And it would allow us the choice of either making DateTime and Time work with higher resolution units or keeping DateTime and Time as they are now while introducing, say, HiresDateTime and HiresTime. I prefer the former.

helgee commented 3 years ago

I have implemented a workaround for AstroTime.jl. See here: https://github.com/JuliaAstro/AstroTime.jl/pull/58/commits/7cf0ba45962e8c9921356d8149198fcb7e27eebe

It defines the following parser:

@inline function Dates.tryparsenext(d::Dates.DatePart{'f'}, str, i, len, locale)
    next = Dates.tryparsenext_base10(str, i, len)
    next === nothing && return nothing
    val, idx = next
    val /= 10^(idx - i)
    return val, idx
end
JeffreySarnoff commented 3 years ago

Would you post a few examples of it doing what it does? (assume using Dates, AstroTime has been done). Thank you.

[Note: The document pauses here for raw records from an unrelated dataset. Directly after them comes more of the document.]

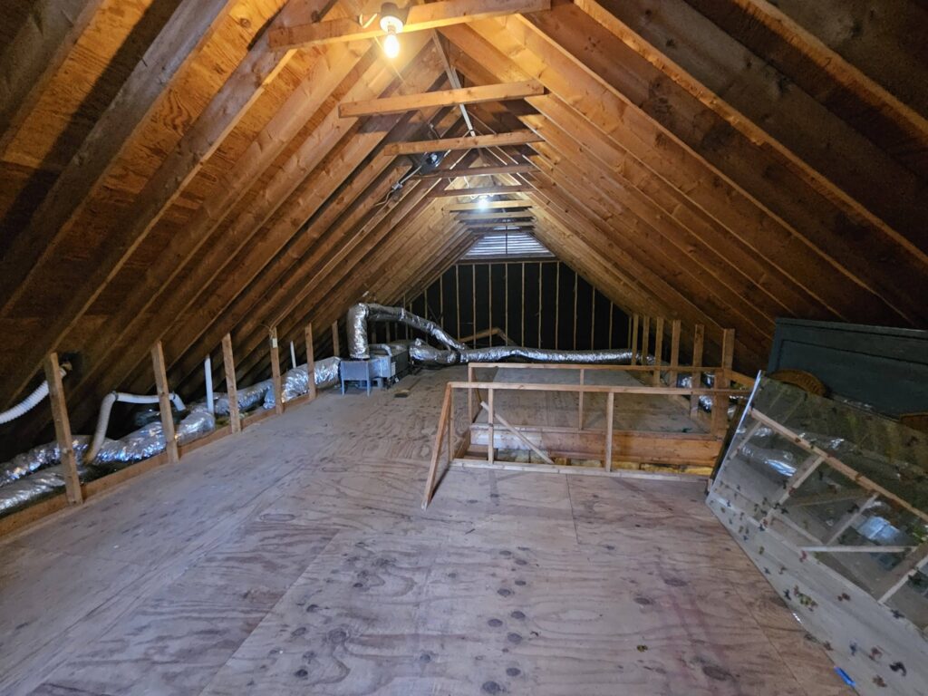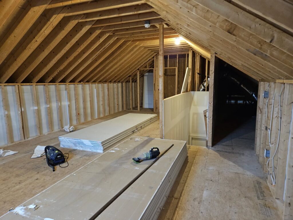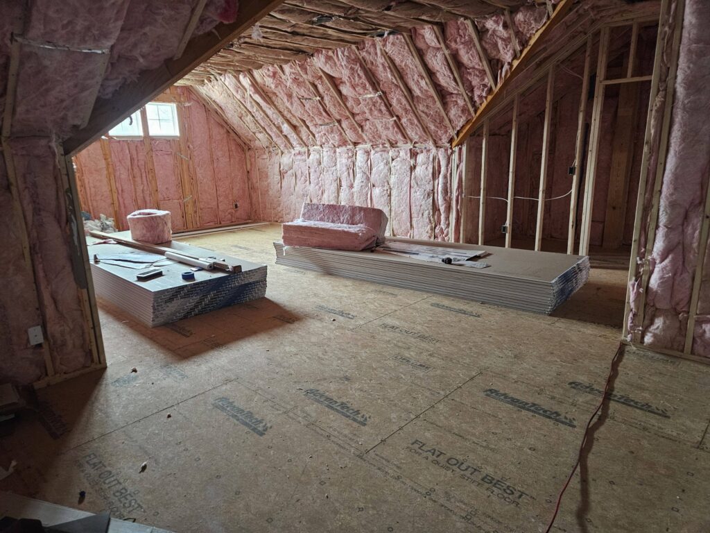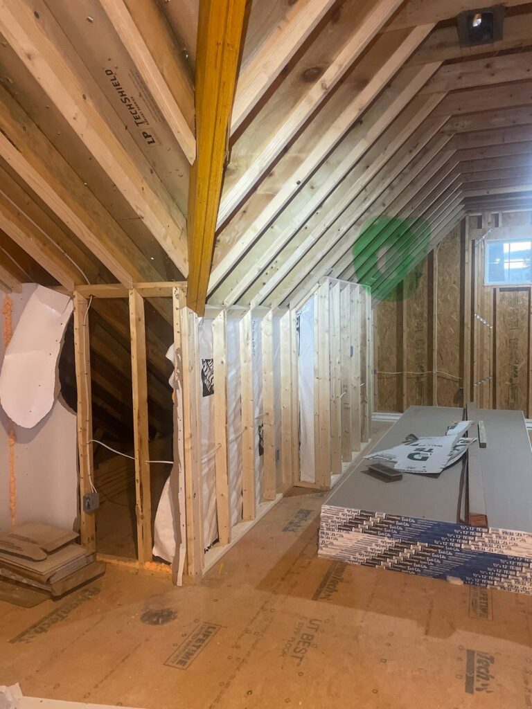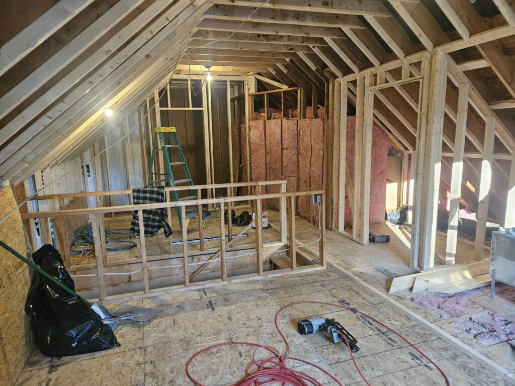 Before and after pics of finished 3rd floor attic. Full bath, media room, office, bedroom and finished storage area. Spring 2025.
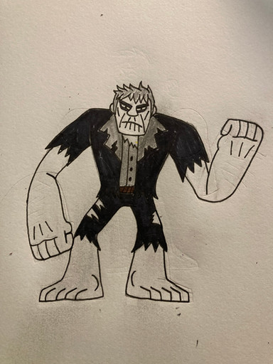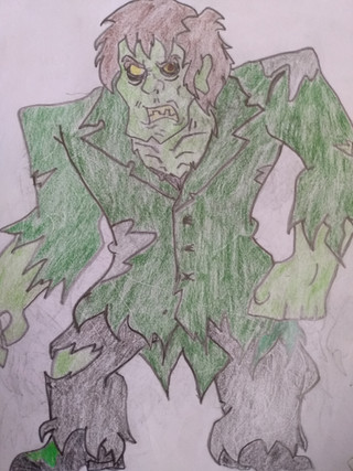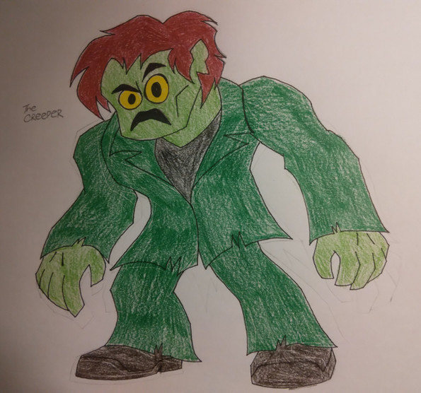In my opinion, I would have not combined the Creeper and the Swamp Zombie together, for the S.Z.(Swamp Zombie for short), take away his hair and he's perfect. For the Creeper, I would have made him be a deformed security guard working at the Crystal Cove Bank, but his deformity made him appear unsettling and frightening. So he seeks out Dr. Johnathan Jacobo in order to make him appear more appealing, but due to Jacobo's speciality in only DNA genetics, he can't help him. This causes the guard to go into a mindless rage, which in turn, leads to him to accidentally cause a shelf of mutagens to spill on him. The mutagens were an early and more unstable form of Dr. J. Jacobo's experiments in primate DNA. At first, the mutagens seem to have no effect on him, but several days after the incident, while at home, spending time with his only daughter, Alice May Carlswell, he suddenly starts to mutate into a large, Neanderthal/Ape hybrid creature, with the mutagens causing him to slip between the different phases of matters, allowing him pass through certain objects. The transformation also caused him to lose his mind, in which he entered a feral, beast like state, and his memories to become warped & distorted, with his strongest memories of taking money & jewels from the vault and the image of a little, blonde girl name Alice May. He was once Deacon Carlswell, now he is the Creeper of Crystal Cove.
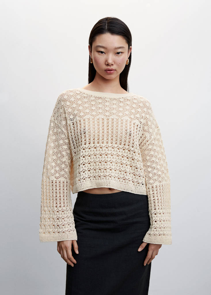 Úplet s volným vzorem. Dírkovaná látka. Rovný střih. Kulatý výstřih. Dlouhý rukáv. Bez zapínání. Festivalová sezóna
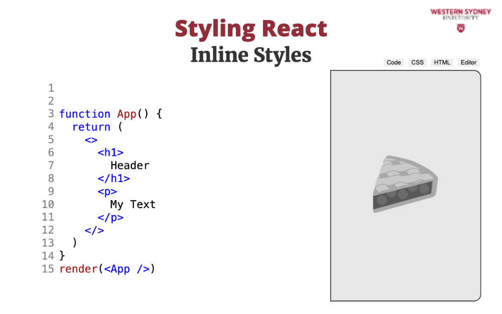 <h1 style={header}>Header 2</h1>The issue with inline styles is that they are limited in their use, as they cannot specify advanced behaviours such as mouse over events, or media queries for responsive styling.
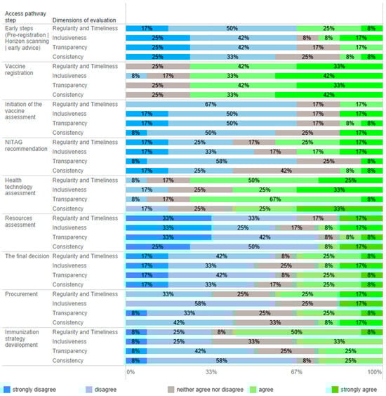 All 12 advisory panel members responded to an online questionnaire evaluating timeframes, inclusiveness, transparency, and consistency in the vaccine market access pathway, and the results are presented in Figure 2. Table 1 summarizes the key recommendations to improve vaccine assessment pathways and decision making in the immunization program.
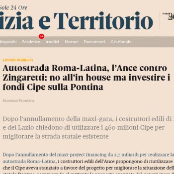 Dopo l’annullamento della maxi-gara, i costruttori edili di Roma e del Lazio chiedono di utilizzare i 460 milioni Cipe, per migliorare la strada statale esistente. Oggi, online, sul quotidiano del Sole…
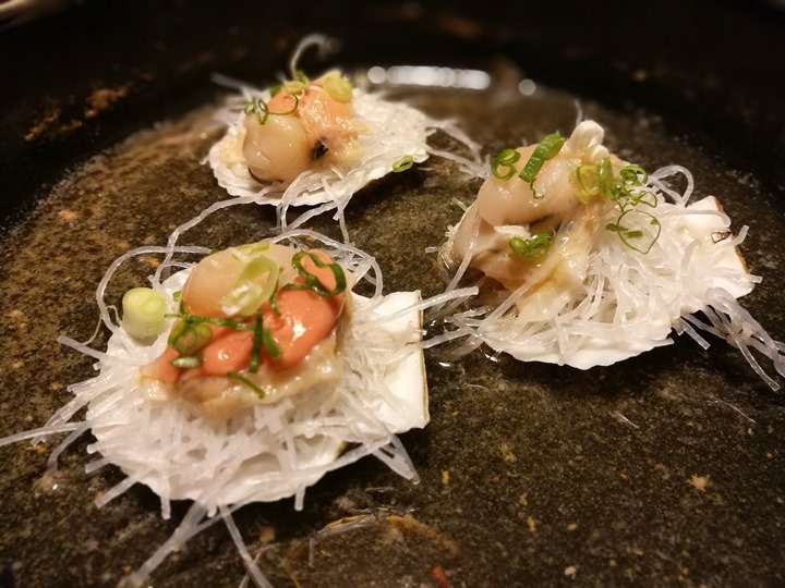 這蝦子在處理完後 濃濃的大蒜醬油香氣 後面的扇貝也是一樣啊

helgee commented 3 years ago

Sure!

AstroTime with this patch

julia> using AstroTime; import Dates

julia> str = "2021-03-27T17:25:13.123456789"
"2021-03-27T17:25:13.123456789"

julia> df = Dates.dateformat"yyyy-mm-ddTHH:MM:SS.fffffffff"
dateformat"yyyy-mm-ddTHH:MM:SS.fffffffff"

julia> TAIEpoch(str, df)
2021-03-27T17:25:13.123 TAI

vs. without

julia> df1 = Dates.dateformat"yyyy-mm-ddTHH:MM:SS.sssssssss"
dateformat"yyyy-mm-ddTHH:MM:SS.sssssssss"

julia> TAIEpoch(str, df1)
ERROR: InexactError: convert(Dates.Decimal3, 123456789)
Stacktrace:
 [1] tryparsenext
   @ /Users/julia/buildbot/worker/package_macos64/build/usr/share/julia/stdlib/v1.6/Dates/src/io.jl:153 [inlined]
 [2] tryparsenext
   @ /Users/julia/buildbot/worker/package_macos64/build/usr/share/julia/stdlib/v1.6/Dates/src/io.jl:41 [inlined]
 [3] macro expansion
   @ /Users/julia/buildbot/worker/package_macos64/build/usr/share/julia/stdlib/v1.6/Dates/src/parse.jl:64 [inlined]
 [4] tryparsenext_core(str::String, pos::Int64, len::Int64, df::Dates.DateFormat{Symbol("yyyy-mm-ddTHH:MM:SS.sssssssss"), Tuple{Dates.DatePart{'y'}, Dates.Delim{Char, 1}, Dates.DatePart{'m'}, Dates.Delim{Char, 1}, Dates.DatePart{'d'}, Dates.Delim{Char, 1}, Dates.DatePart{'H'}, Dates.Delim{Char, 1}, Dates.DatePart{'M'}, Dates.Delim{Char, 1}, Dates.DatePart{'S'}, Dates.Delim{Char, 1}, Dates.DatePart{'s'}}}, raise::Bool)
   @ Dates /Users/julia/buildbot/worker/package_macos64/build/usr/share/julia/stdlib/v1.6/Dates/src/parse.jl:38
 [5] macro expansion
   @ /Users/julia/buildbot/worker/package_macos64/build/usr/share/julia/stdlib/v1.6/Dates/src/parse.jl:150 [inlined]
 [6] tryparsenext_internal
   @ /Users/julia/buildbot/worker/package_macos64/build/usr/share/julia/stdlib/v1.6/Dates/src/parse.jl:125 [inlined]
 [7] parse
   @ /Users/julia/buildbot/worker/package_macos64/build/usr/share/julia/stdlib/v1.6/Dates/src/parse.jl:282 [inlined]
 [8] (TAIEpoch{T} where T)(str::String, format::Dates.DateFormat{Symbol("yyyy-mm-ddTHH:MM:SS.sssssssss"), Tuple{Dates.DatePart{'y'}, Dates.Delim{Char, 1}, Dates.DatePart{'m'}, Dates.Delim{Char, 1}, Dates.DatePart{'d'}, Dates.Delim{Char, 1}, Dates.DatePart{'H'}, Dates.Delim{Char, 1}, Dates.DatePart{'M'}, Dates.Delim{Char, 1}, Dates.DatePart{'S'}, Dates.Delim{Char, 1}, Dates.DatePart{'s'}}})
   @ AstroTime.Epochs ~/projects/julia/AstroTime/src/Epochs/dates.jl:68
 [9] top-level scope
   @ REPL[15]:1
JeffreySarnoff commented 3 years ago

step 1 nicely done do you want submillisecond resolution for TAI and other timebases?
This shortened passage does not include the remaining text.